Switch to Dynatrace or New Relic if you need a comparable fully managed SaaS experience but want more predictable pricing. Dynatrace's single subscription model and New Relic's per-GB pricing both eliminate the multi-dimensional billing complexity that causes Datadog bill shock.
Switch to Grafana Cloud or Elastic Observability if you need data sovereignty, self-hosted deployment, or compliance with regulations that prohibit sending telemetry to third-party US-based SaaS platforms. Both platforms support on-premises, BYOC (bring your own cloud), and hybrid deployment models.

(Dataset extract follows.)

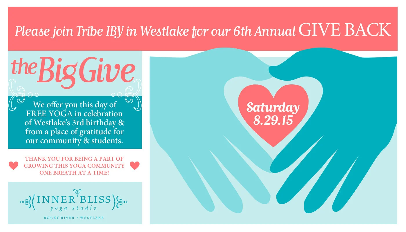 Please join Tribe IBY for our annual Give Back, a day of FREE YOGA, on Saturday, August 29, 2015 at our Westlake studio.

Switch to Observe if your team spends excessive time building and maintaining dashboards. Observe's context graph automates signal correlation, which is particularly valuable for smaller SRE teams that cannot dedicate resources to dashboard engineering.

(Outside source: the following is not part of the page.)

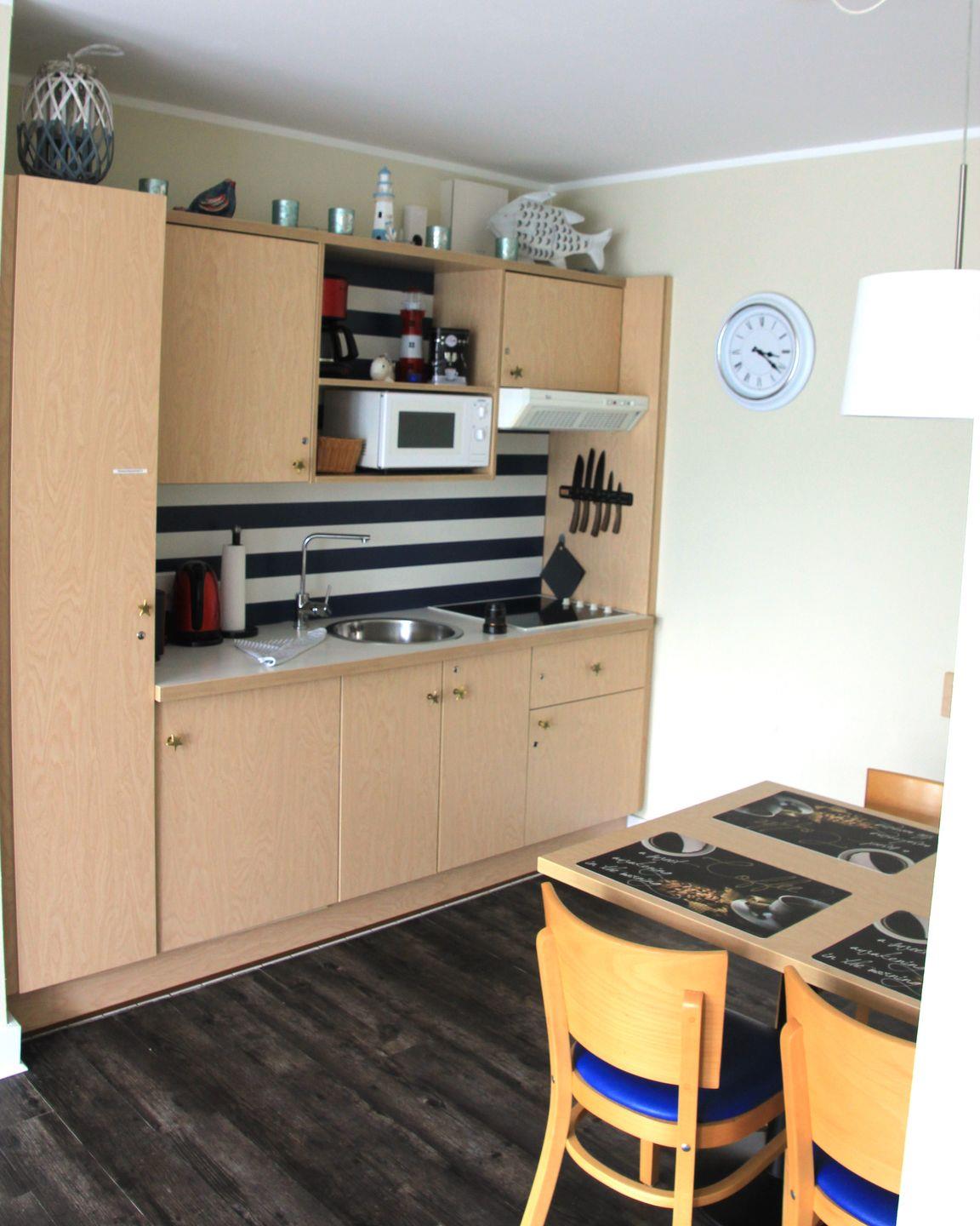 Dafür nutzen Sie Kühlschrank mit Gefrierfach, Herd, Mikrowelle, Kaffeemaschine, Wasserkocher, Geschirr und Küchenausstattung.

Switch to Splunk if security monitoring and SIEM are your primary use cases alongside observability. Splunk's unified security and observability platform is strongest in regulated industries where compliance audit trails are mandatory.
Migration Considerations
The most critical factor in any Datadog migration is instrumentation portability. If your services use Datadog's proprietary dd-trace libraries and the Datadog Agent, you will need to re-instrument every service. We recommend adopting OpenTelemetry as an intermediate step: replace Datadog's proprietary agents with the OpenTelemetry Collector, which can export to any OTel-compatible backend. This decouples your instrumentation from your backend choice and prevents future lock-in.

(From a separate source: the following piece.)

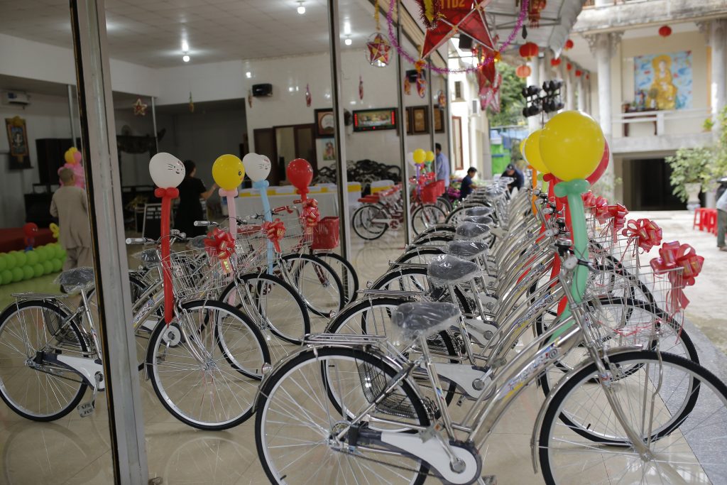 Nhân dịp này, gia đình anh Đặng Thanh Tòng ủng hộ 20 chiếc xe đạp cho trẻ em nghèo hiếu học, mỗi chiếc trị giá 1.300.000 đồng.

Dashboard and alert migration is the second major effort. Datadog dashboards use a proprietary JSON format and query syntax that does not transfer to other platforms. Plan to rebuild dashboards from scratch, prioritizing the 10-15 most critical views first. Export your existing alert definitions and map them to equivalent constructs in the target platform before cutting over.
For log pipelines, redirect your log shippers (Fluentd, Fluent Bit, Vector) to the new backend's ingestion endpoint. Most alternatives accept standard syslog, HTTP, and OTLP protocols. Run both systems in parallel for 2-4 weeks to validate data completeness and alert accuracy before decommissioning Datadog.
Budget 8-12 weeks for a full migration from Datadog to any alternative for a mid-size deployment (50-200 services). Smaller teams with fewer than 20 services can typically complete the transition in 4-6 weeks. Account for the cost of running both platforms in parallel during the validation period.